O Brazil não cavou uma vaga com seu Hoje Eu Quero Voltar Sozinho, mas o ganhador, Ida, é excelente e já era previsto sua premiação.

Pra quem ainda não o assistiu, a película se passa na Polônia em 1962 e foca na história de Anna, uma bonita jovem de 18 anos que irá em breve celebrar os votos definitivos para se tornar freira no convento onde vive enquanto órfã desde criança. A madre superiora obriga-a, no entanto, a conhecer antes a única familiar viva, a tia Wanda. Juntas, as duas mulheres embarcam numa viagem à descoberta de si próprias e do passado que têm em comum.

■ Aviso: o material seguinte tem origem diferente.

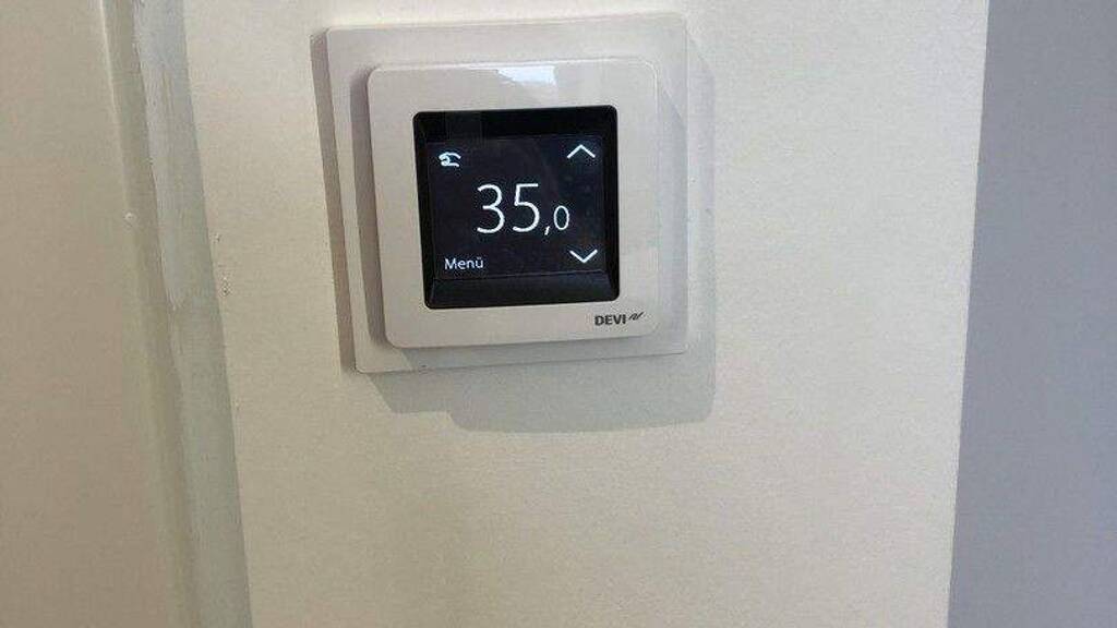 Bad mit Fußbodenheizung und Dusche sowie beheizter Handtuchhalter, Tageslichtfenster im Bad, Wandhängendes WC.

Concorriam ainda na categoria Leviatã (Rússia), Tangerines (Estônia), Timbuktu (Mauritânia) e Relatos Selvagens (Argentina).

Confira o trailer de Ida:

Melhor Curta-Metragem Live Action e Documentário

Essas são duas categorias muito safadas, pois a maior parte das pessoas não tem acesso a esses filmes e os próprios votantes da Academia só sabem do que se trata por que recebem todos eles em DVD no conforto do seu lar e mesmo assim duvido que eles assistam a todos antes de votar.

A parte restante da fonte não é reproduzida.